Problem statement: Please restate the listing word for word, omitting the images.

Material supplied Block Start

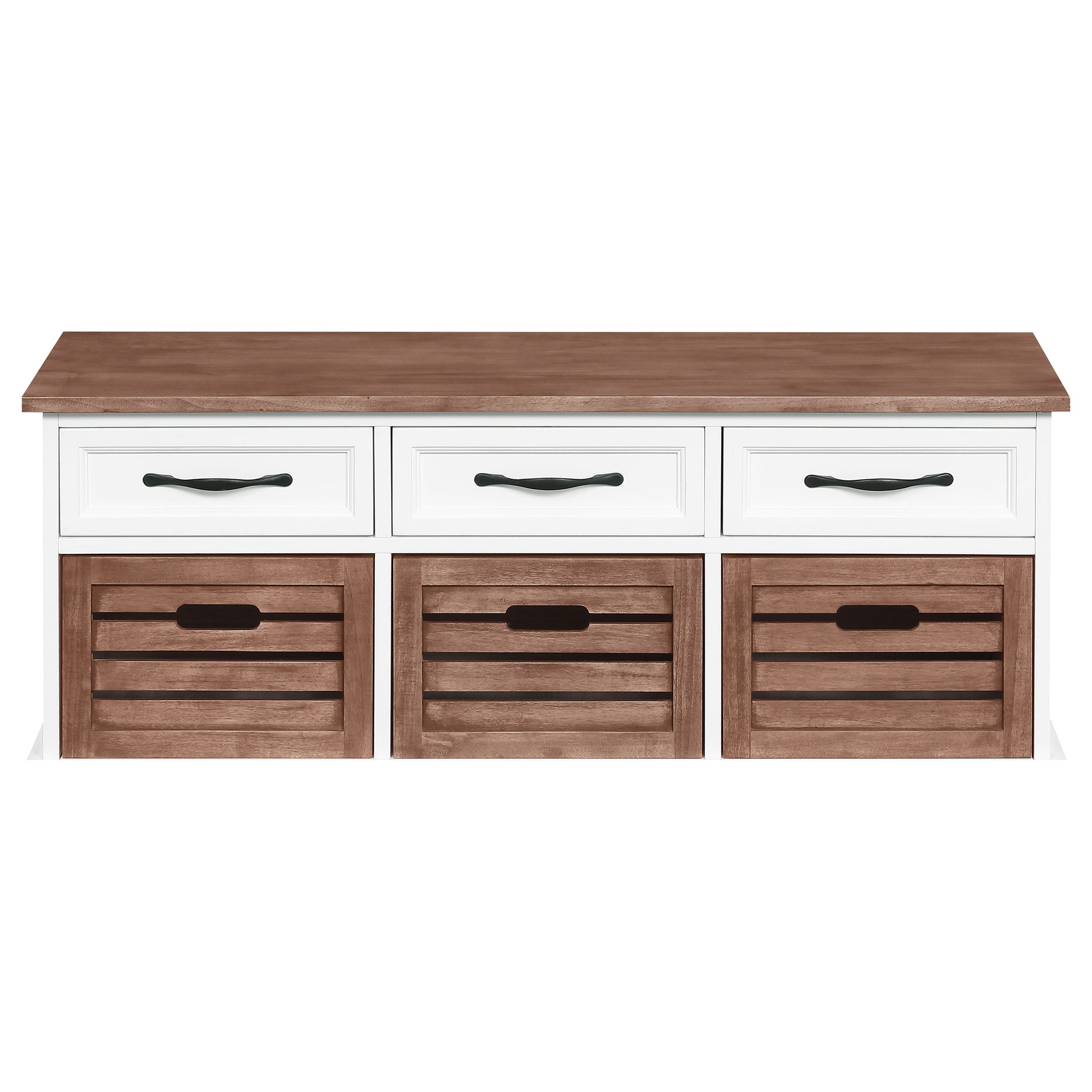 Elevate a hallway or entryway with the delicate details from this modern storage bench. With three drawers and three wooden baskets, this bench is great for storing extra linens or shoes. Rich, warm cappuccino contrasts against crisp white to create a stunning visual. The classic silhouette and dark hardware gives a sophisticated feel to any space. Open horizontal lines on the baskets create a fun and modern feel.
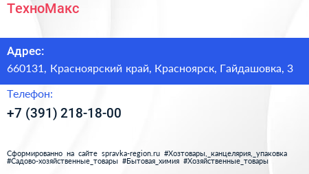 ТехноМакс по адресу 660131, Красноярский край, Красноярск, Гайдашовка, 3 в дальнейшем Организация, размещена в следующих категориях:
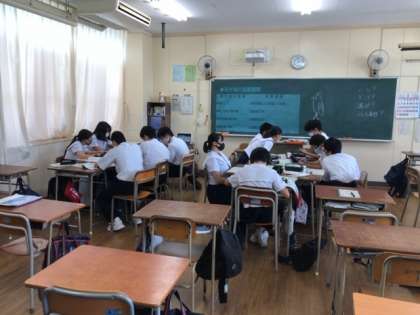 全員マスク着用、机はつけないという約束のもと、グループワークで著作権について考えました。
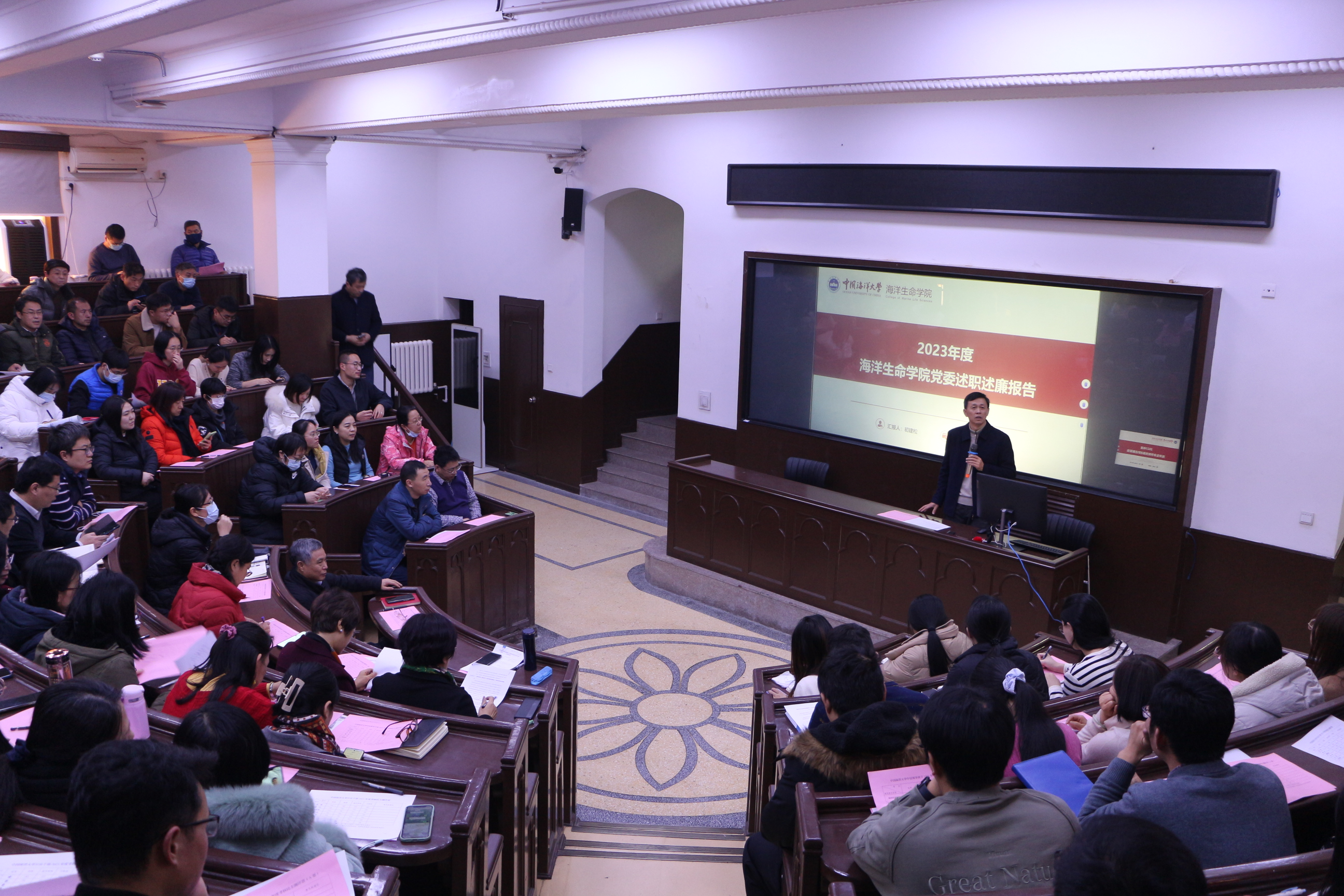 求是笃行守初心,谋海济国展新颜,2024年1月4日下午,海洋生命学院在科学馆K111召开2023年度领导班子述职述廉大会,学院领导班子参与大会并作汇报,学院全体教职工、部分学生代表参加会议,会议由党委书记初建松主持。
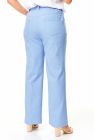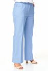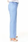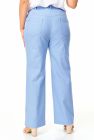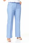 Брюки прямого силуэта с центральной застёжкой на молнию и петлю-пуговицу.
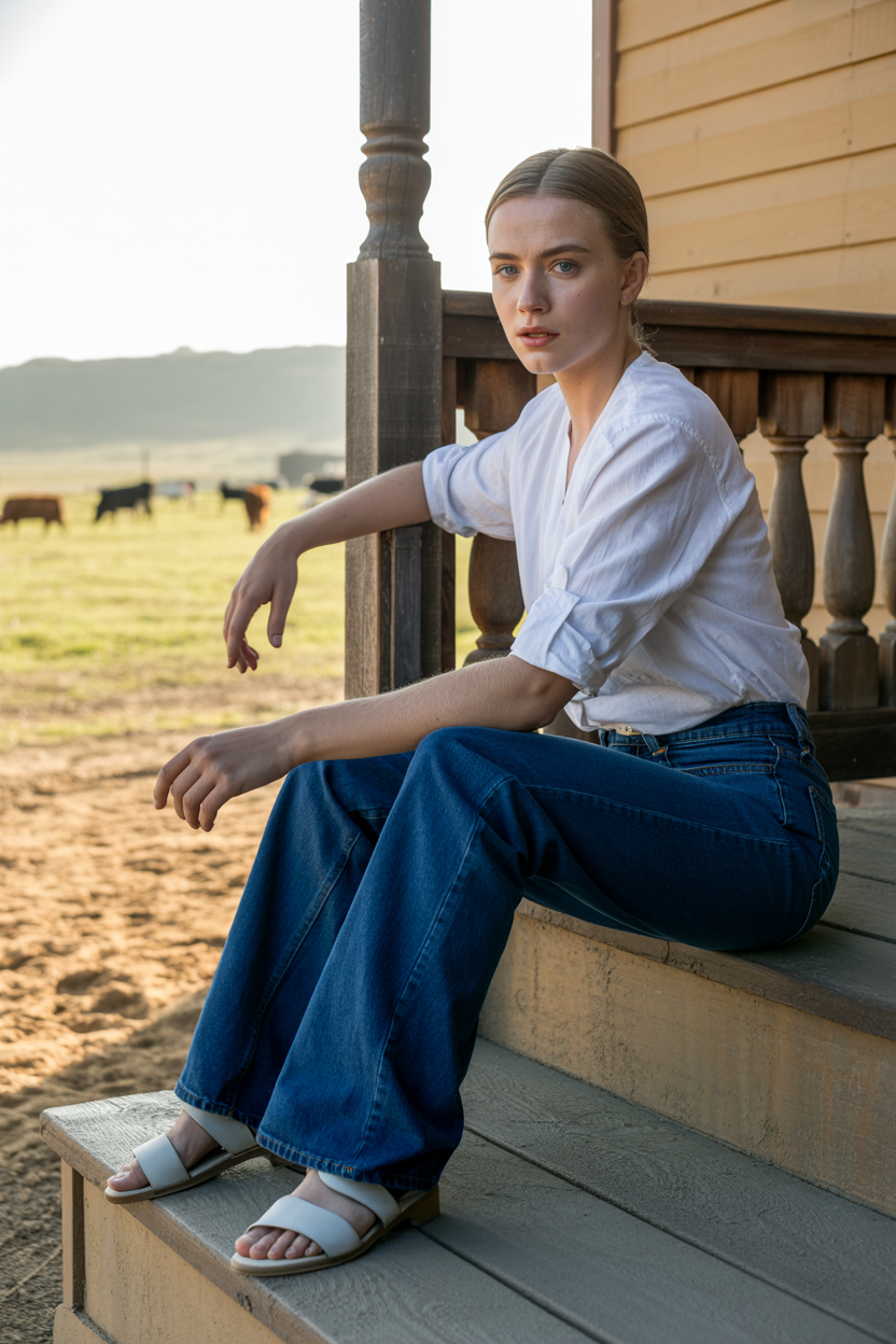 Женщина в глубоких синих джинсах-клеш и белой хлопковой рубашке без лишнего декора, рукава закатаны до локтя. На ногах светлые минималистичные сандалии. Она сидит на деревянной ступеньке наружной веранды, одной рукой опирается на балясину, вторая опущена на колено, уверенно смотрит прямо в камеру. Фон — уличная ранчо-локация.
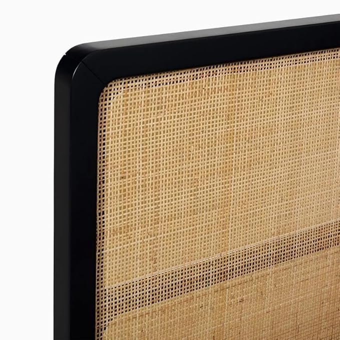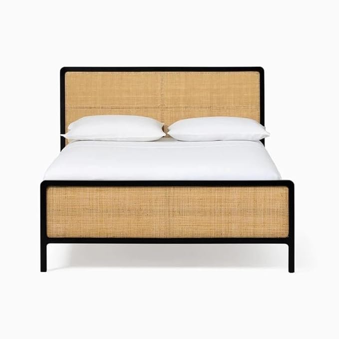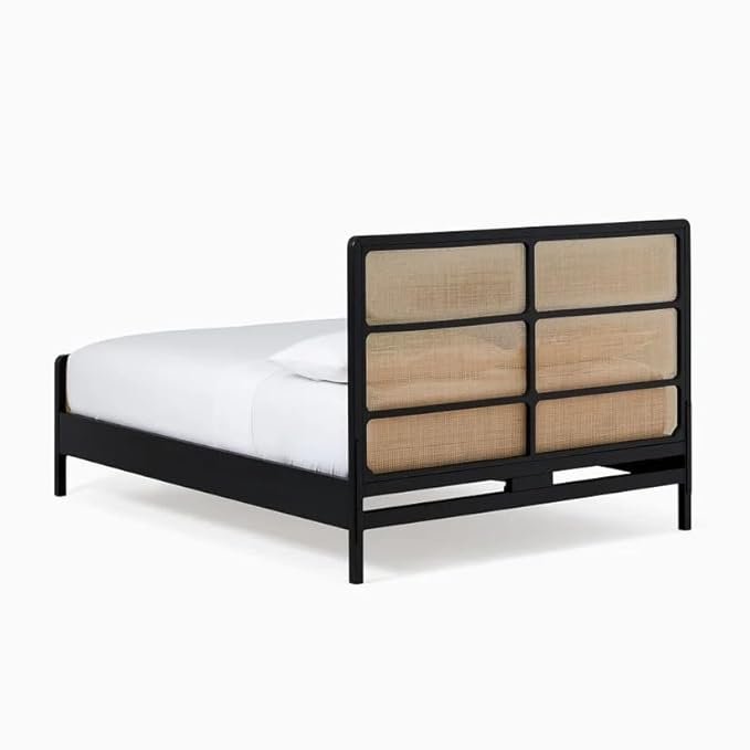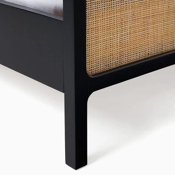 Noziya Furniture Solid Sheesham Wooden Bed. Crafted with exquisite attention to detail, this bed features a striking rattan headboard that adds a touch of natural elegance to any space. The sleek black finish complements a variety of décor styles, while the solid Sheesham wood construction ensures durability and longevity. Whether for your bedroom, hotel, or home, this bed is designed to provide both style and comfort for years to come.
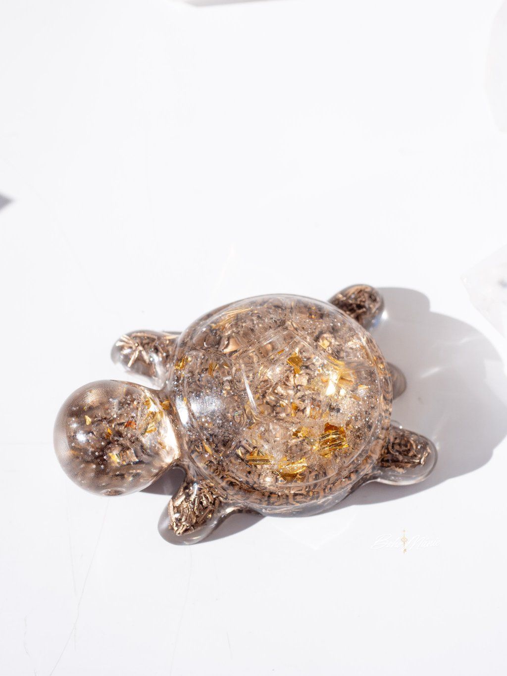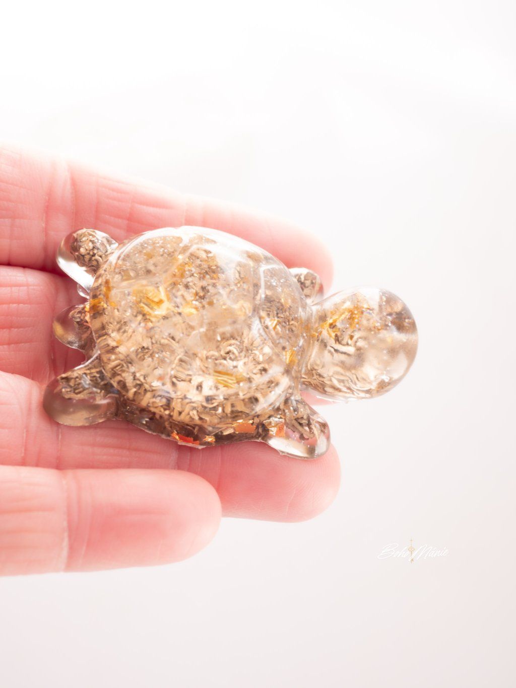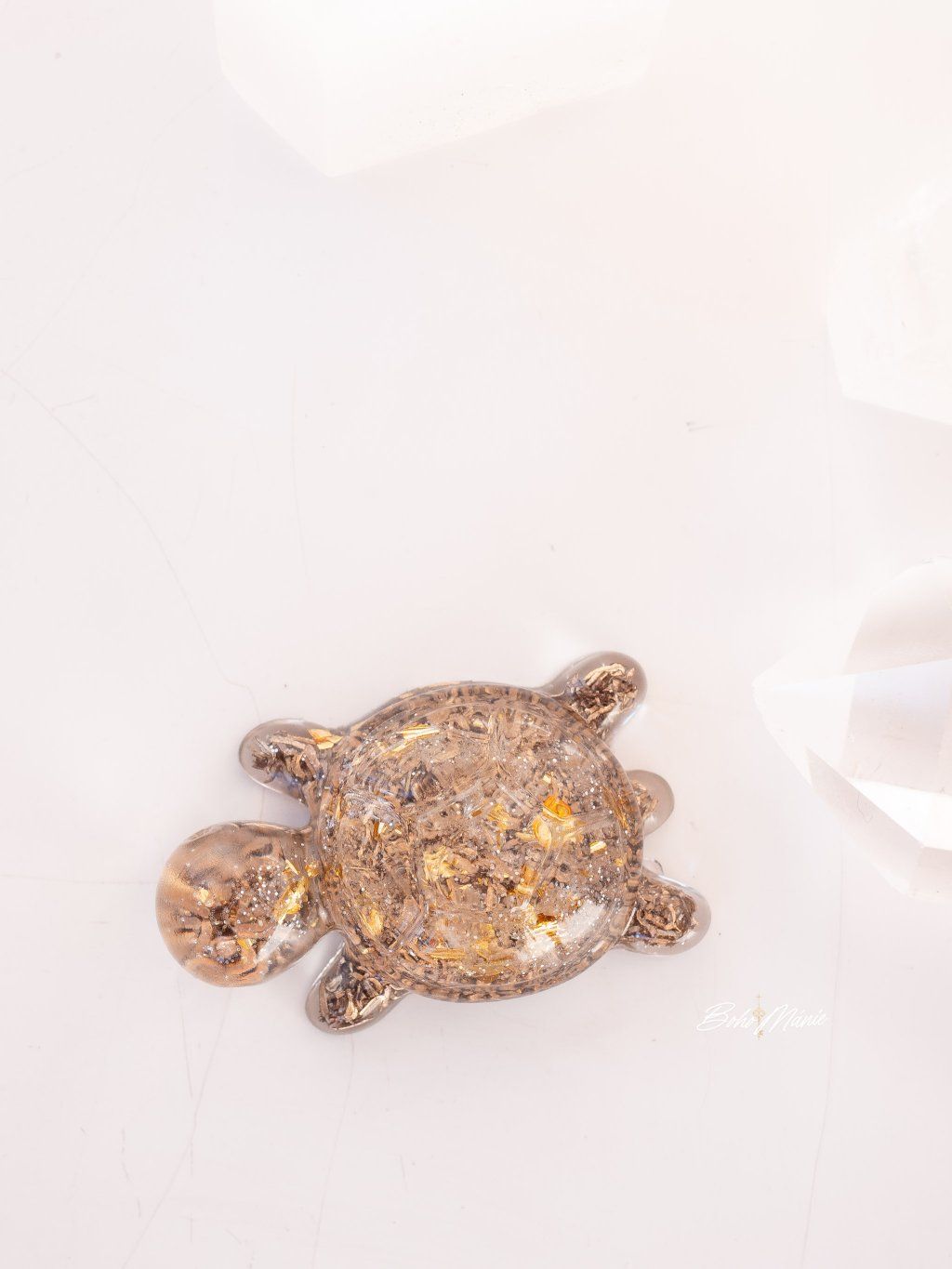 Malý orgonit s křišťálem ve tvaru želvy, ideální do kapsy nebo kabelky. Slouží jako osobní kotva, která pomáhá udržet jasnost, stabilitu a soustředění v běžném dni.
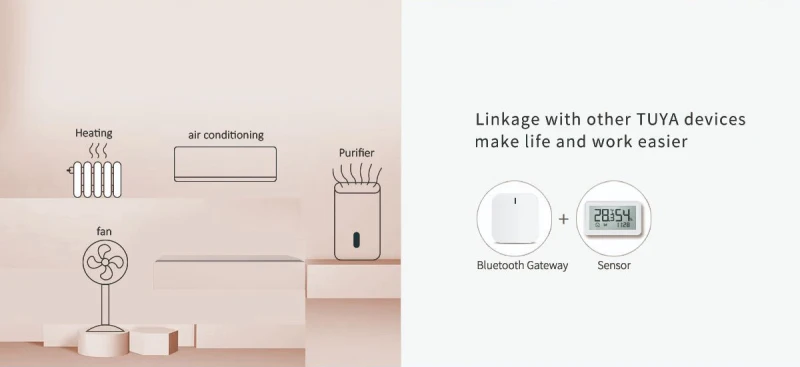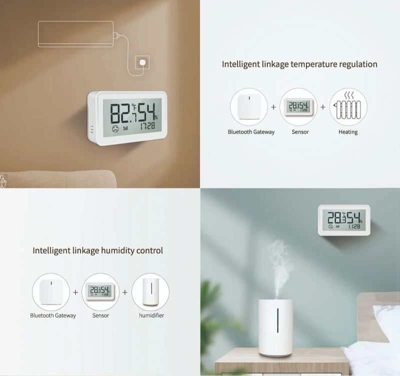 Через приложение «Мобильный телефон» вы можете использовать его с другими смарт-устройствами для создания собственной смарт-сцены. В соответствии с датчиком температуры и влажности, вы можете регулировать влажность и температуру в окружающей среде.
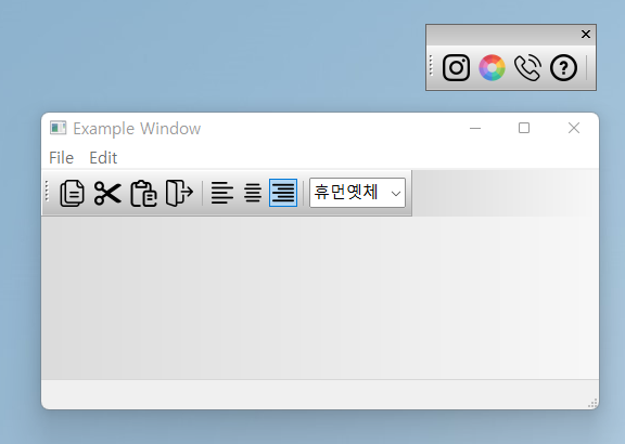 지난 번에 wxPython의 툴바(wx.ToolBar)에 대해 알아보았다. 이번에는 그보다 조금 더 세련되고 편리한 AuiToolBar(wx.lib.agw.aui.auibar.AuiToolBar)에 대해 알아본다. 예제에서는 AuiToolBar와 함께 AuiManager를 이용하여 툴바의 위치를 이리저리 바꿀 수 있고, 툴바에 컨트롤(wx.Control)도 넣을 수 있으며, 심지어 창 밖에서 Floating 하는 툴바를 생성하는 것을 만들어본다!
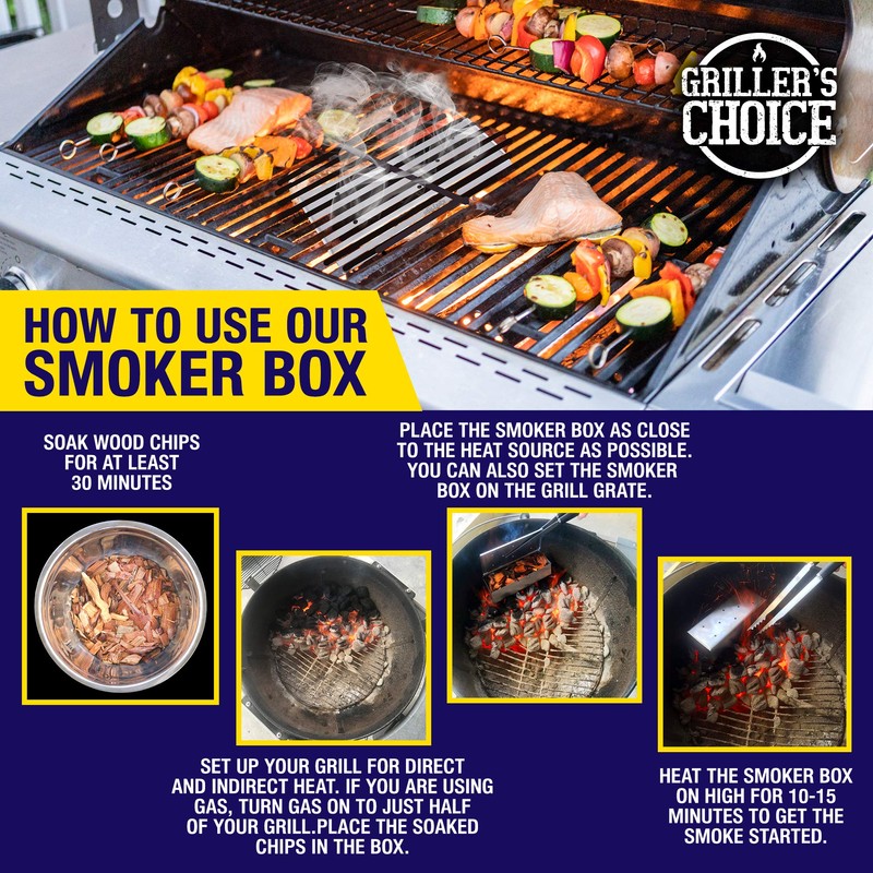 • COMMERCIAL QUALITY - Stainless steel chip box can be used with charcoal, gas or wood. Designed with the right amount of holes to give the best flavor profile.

Material supplied Block End

Task solution:
 Elevate a hallway or entryway with the delicate details from this modern storage bench. With three drawers and three wooden baskets, this bench is great for storing extra linens or shoes. Rich, warm cappuccino contrasts against crisp white to create a stunning visual. The classic silhouette and dark hardware gives a sophisticated feel to any space. Open horizontal lines on the baskets create a fun and modern feel.
 ТехноМакс по адресу 660131, Красноярский край, Красноярск, Гайдашовка, 3 в дальнейшем Организация, размещена в следующих категориях:
 全員マスク着用、机はつけないという約束のもと、グループワークで著作権について考えました。
 求是笃行守初心,谋海济国展新颜,2024年1月4日下午,海洋生命学院在科学馆K111召开2023年度领导班子述职述廉大会,学院领导班子参与大会并作汇报,学院全体教职工、部分学生代表参加会议,会议由党委书记初建松主持。
 Брюки прямого силуэта с центральной застёжкой на молнию и петлю-пуговицу.
 Женщина в глубоких синих джинсах-клеш и белой хлопковой рубашке без лишнего декора, рукава закатаны до локтя. На ногах светлые минималистичные сандалии. Она сидит на деревянной ступеньке наружной веранды, одной рукой опирается на балясину, вторая опущена на колено, уверенно смотрит прямо в камеру. Фон — уличная ранчо-локация.
 Noziya Furniture Solid Sheesham Wooden Bed. Crafted with exquisite attention to detail, this bed features a striking rattan headboard that adds a touch of natural elegance to any space. The sleek black finish complements a variety of décor styles, while the solid Sheesham wood construction ensures durability and longevity. Whether for your bedroom, hotel, or home, this bed is designed to provide both style and comfort for years to come.
 Malý orgonit s křišťálem ve tvaru želvy, ideální do kapsy nebo kabelky. Slouží jako osobní kotva, která pomáhá udržet jasnost, stabilitu a soustředění v běžném dni.
 Через приложение «Мобильный телефон» вы можете использовать его с другими смарт-устройствами для создания собственной смарт-сцены. В соответствии с датчиком температуры и влажности, вы можете регулировать влажность и температуру в окружающей среде.
 지난 번에 wxPython의 툴바(wx.ToolBar)에 대해 알아보았다. 이번에는 그보다 조금 더 세련되고 편리한 AuiToolBar(wx.lib.agw.aui.auibar.AuiToolBar)에 대해 알아본다. 예제에서는 AuiToolBar와 함께 AuiManager를 이용하여 툴바의 위치를 이리저리 바꿀 수 있고, 툴바에 컨트롤(wx.Control)도 넣을 수 있으며, 심지어 창 밖에서 Floating 하는 툴바를 생성하는 것을 만들어본다!
 • COMMERCIAL QUALITY - Stainless steel chip box can be used with charcoal, gas or wood. Designed with the right amount of holes to give the best flavor profile.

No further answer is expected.